WORK REQUEST - Your output must be the lines below from the line containing "After you sign" to the line containing "淘宝2025新款复古高跟女短靴方头小众弹力靴秋冬粗跟做旧软皮瘦瘦靴子", both lines included, reproduced exactly and without pictures.

[Saved entries]

* * * * * * * * *

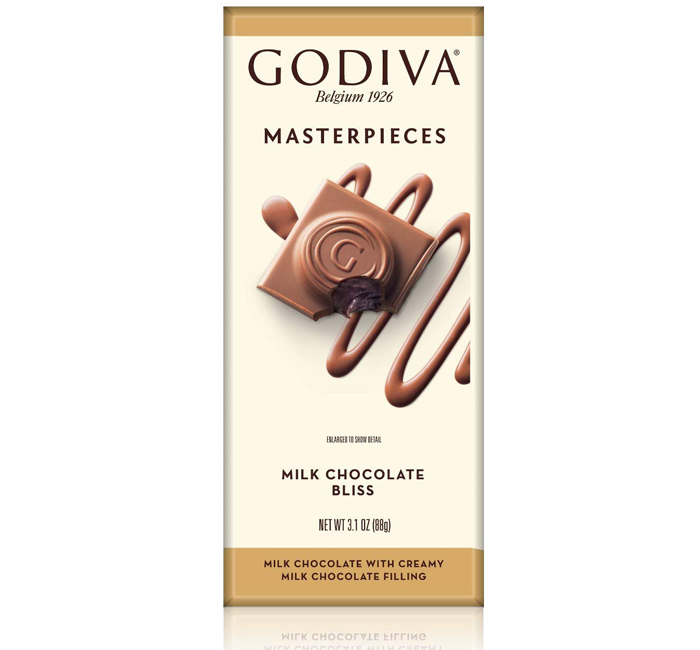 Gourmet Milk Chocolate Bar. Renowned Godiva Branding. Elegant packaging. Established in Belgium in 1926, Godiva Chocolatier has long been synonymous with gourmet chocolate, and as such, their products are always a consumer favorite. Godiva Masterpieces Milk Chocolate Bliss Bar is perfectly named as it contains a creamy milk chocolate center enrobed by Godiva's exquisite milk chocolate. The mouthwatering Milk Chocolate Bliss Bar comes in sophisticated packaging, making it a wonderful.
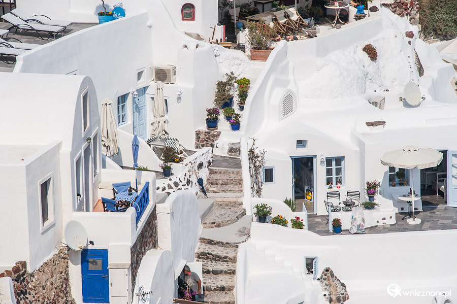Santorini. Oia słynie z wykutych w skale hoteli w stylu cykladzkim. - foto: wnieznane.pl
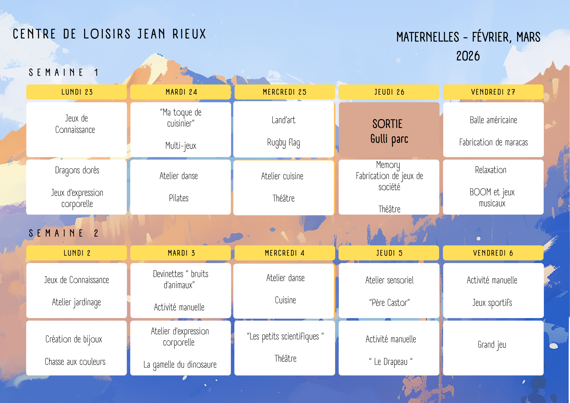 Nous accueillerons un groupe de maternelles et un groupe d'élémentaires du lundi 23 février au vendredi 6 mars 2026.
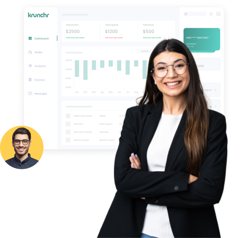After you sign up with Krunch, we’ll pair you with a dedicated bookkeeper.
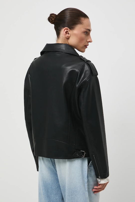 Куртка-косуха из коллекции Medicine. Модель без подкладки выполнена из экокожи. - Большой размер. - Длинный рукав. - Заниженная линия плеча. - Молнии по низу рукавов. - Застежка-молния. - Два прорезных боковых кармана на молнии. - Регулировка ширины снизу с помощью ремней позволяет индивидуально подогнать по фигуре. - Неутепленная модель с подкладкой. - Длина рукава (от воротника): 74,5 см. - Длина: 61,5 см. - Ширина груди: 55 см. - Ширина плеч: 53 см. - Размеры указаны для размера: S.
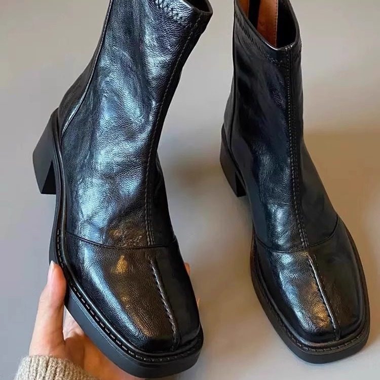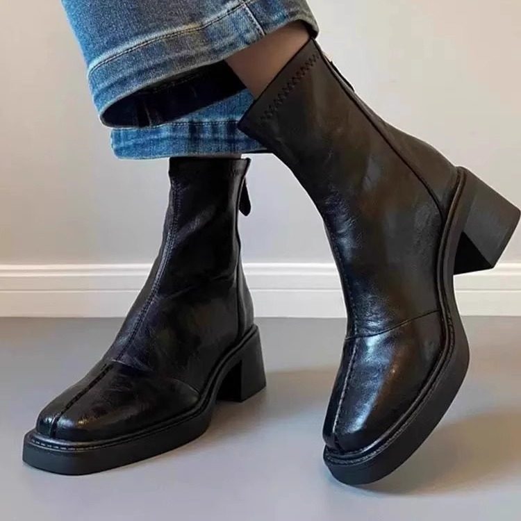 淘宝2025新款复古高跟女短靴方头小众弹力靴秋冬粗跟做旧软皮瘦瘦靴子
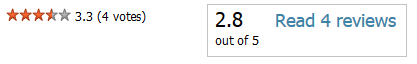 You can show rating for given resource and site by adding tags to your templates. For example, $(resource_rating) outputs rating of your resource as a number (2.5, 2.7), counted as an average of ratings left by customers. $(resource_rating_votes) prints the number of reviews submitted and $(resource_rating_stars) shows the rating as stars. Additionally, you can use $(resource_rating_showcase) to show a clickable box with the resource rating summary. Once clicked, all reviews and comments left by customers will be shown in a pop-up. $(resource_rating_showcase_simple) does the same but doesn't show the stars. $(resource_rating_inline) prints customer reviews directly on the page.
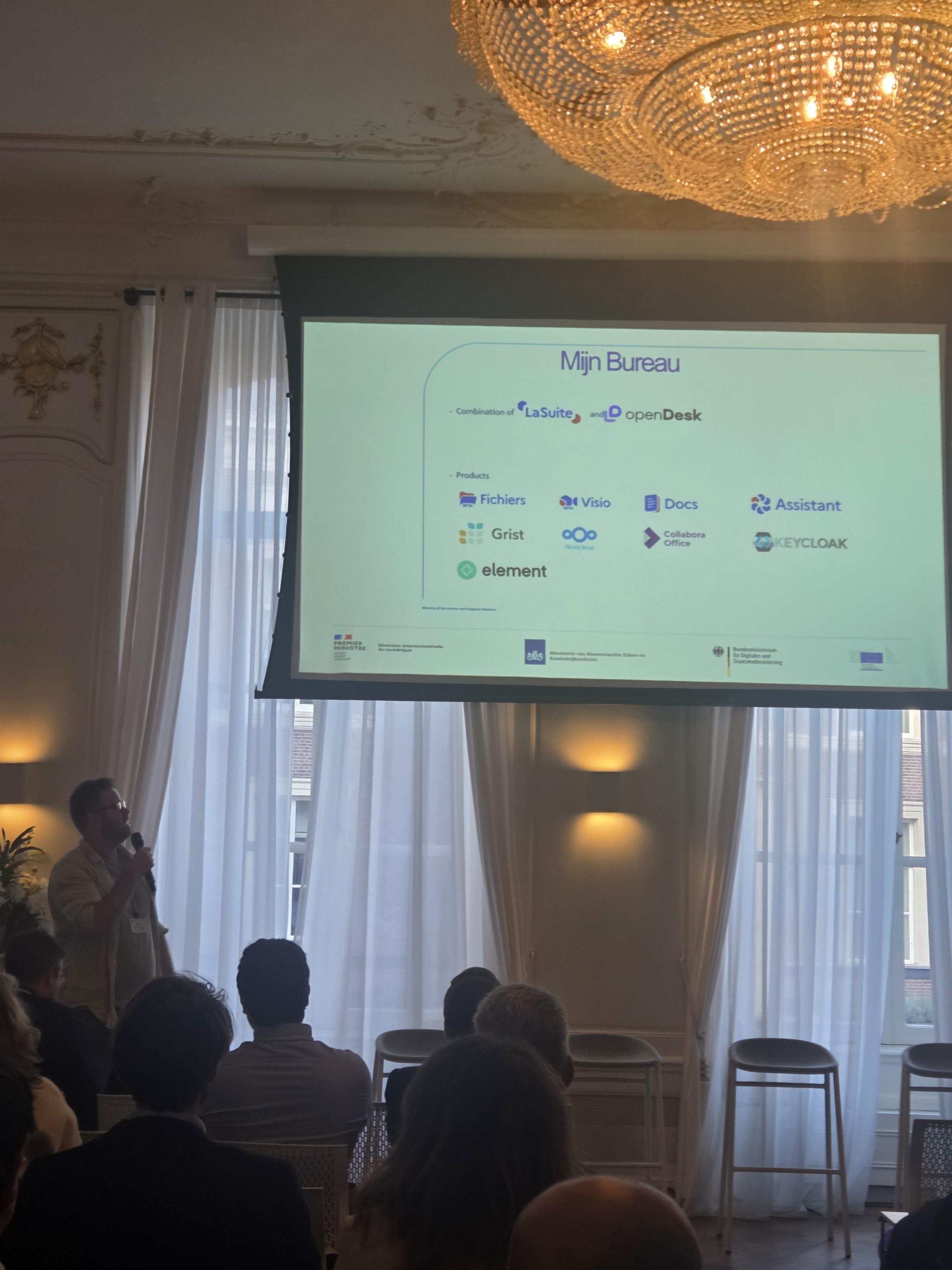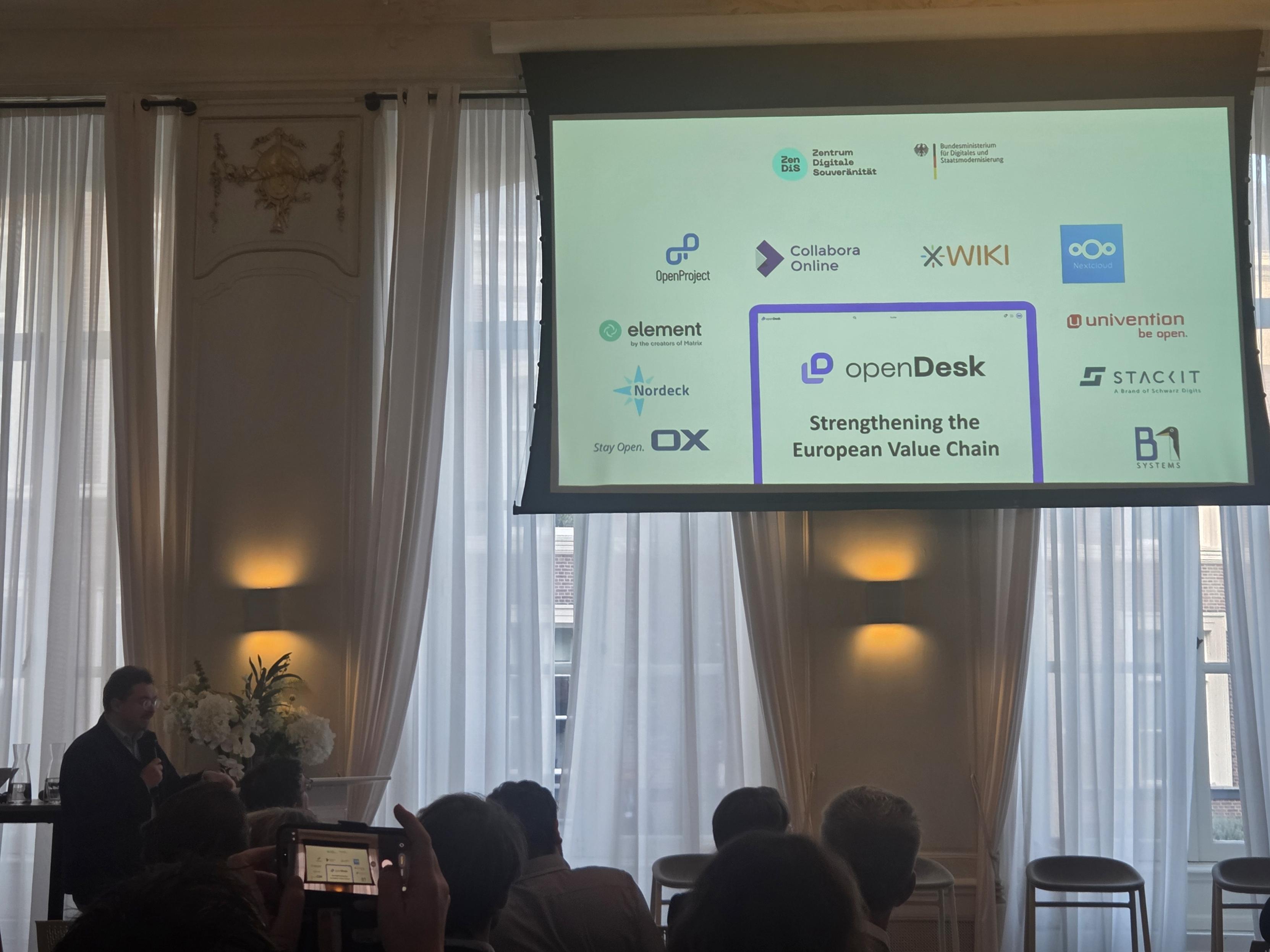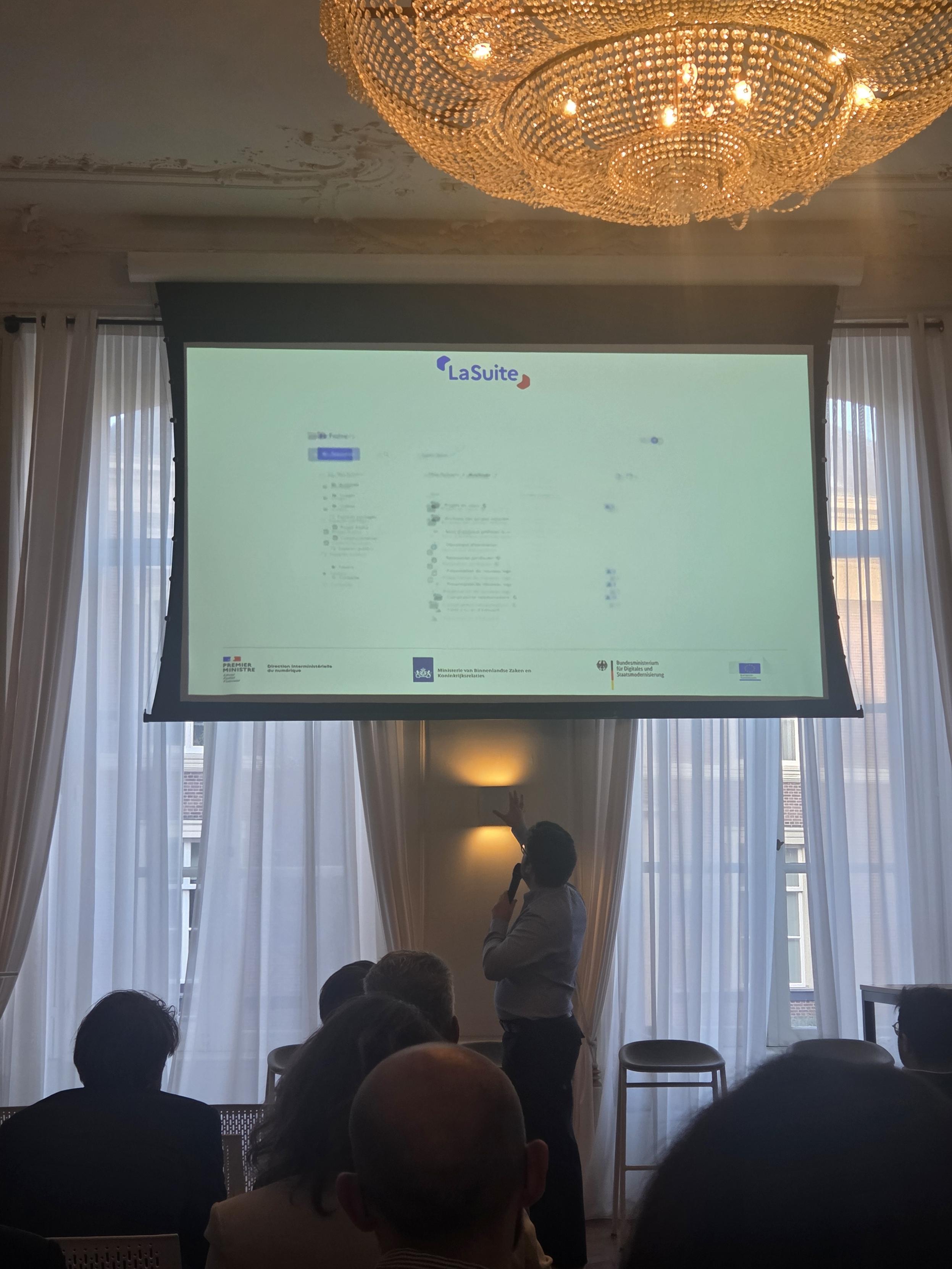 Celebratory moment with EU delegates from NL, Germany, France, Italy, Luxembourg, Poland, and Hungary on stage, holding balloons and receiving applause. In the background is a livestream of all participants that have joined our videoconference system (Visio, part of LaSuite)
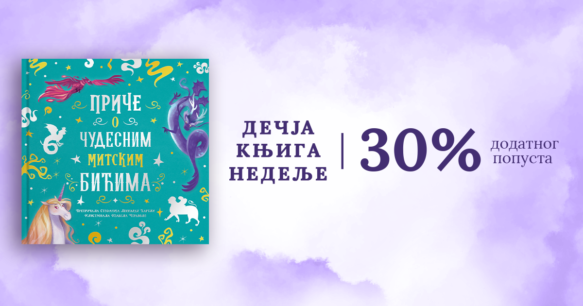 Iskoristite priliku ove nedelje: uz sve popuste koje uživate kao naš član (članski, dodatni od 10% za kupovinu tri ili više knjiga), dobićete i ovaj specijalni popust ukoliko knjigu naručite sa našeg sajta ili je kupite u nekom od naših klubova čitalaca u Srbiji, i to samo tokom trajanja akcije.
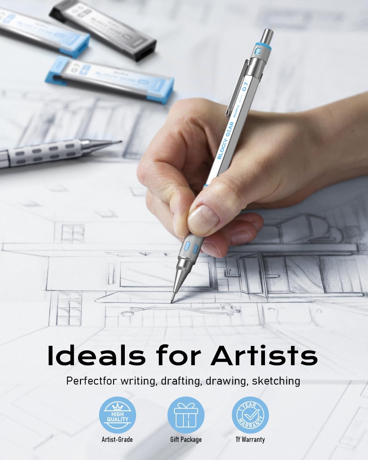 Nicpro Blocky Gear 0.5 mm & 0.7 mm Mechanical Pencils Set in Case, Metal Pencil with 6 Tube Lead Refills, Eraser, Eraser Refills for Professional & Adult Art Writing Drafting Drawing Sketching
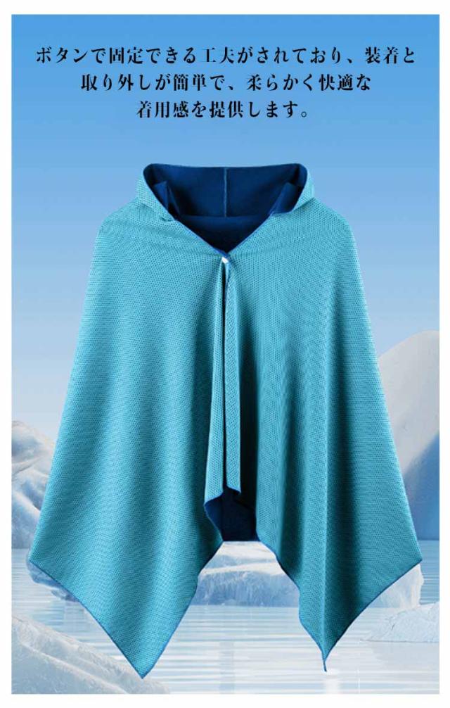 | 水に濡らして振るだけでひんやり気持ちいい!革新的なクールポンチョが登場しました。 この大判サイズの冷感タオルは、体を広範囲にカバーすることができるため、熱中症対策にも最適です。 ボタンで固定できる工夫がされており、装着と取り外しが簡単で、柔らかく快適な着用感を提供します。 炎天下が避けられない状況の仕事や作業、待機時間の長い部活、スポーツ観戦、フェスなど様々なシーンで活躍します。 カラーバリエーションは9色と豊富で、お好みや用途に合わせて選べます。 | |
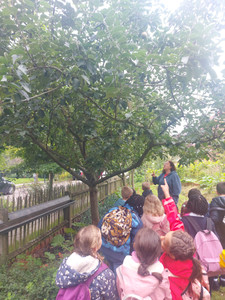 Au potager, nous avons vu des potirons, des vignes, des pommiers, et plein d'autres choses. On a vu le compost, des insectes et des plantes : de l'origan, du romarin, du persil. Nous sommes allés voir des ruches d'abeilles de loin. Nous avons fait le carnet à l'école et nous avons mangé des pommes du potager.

* * * * * * * * *

TASK OUTPUT -
After you sign up with Krunch, we’ll pair you with a dedicated bookkeeper.
 Куртка-косуха из коллекции Medicine. Модель без подкладки выполнена из экокожи. - Большой размер. - Длинный рукав. - Заниженная линия плеча. - Молнии по низу рукавов. - Застежка-молния. - Два прорезных боковых кармана на молнии. - Регулировка ширины снизу с помощью ремней позволяет индивидуально подогнать по фигуре. - Неутепленная модель с подкладкой. - Длина рукава (от воротника): 74,5 см. - Длина: 61,5 см. - Ширина груди: 55 см. - Ширина плеч: 53 см. - Размеры указаны для размера: S.
 淘宝2025新款复古高跟女短靴方头小众弹力靴秋冬粗跟做旧软皮瘦瘦靴子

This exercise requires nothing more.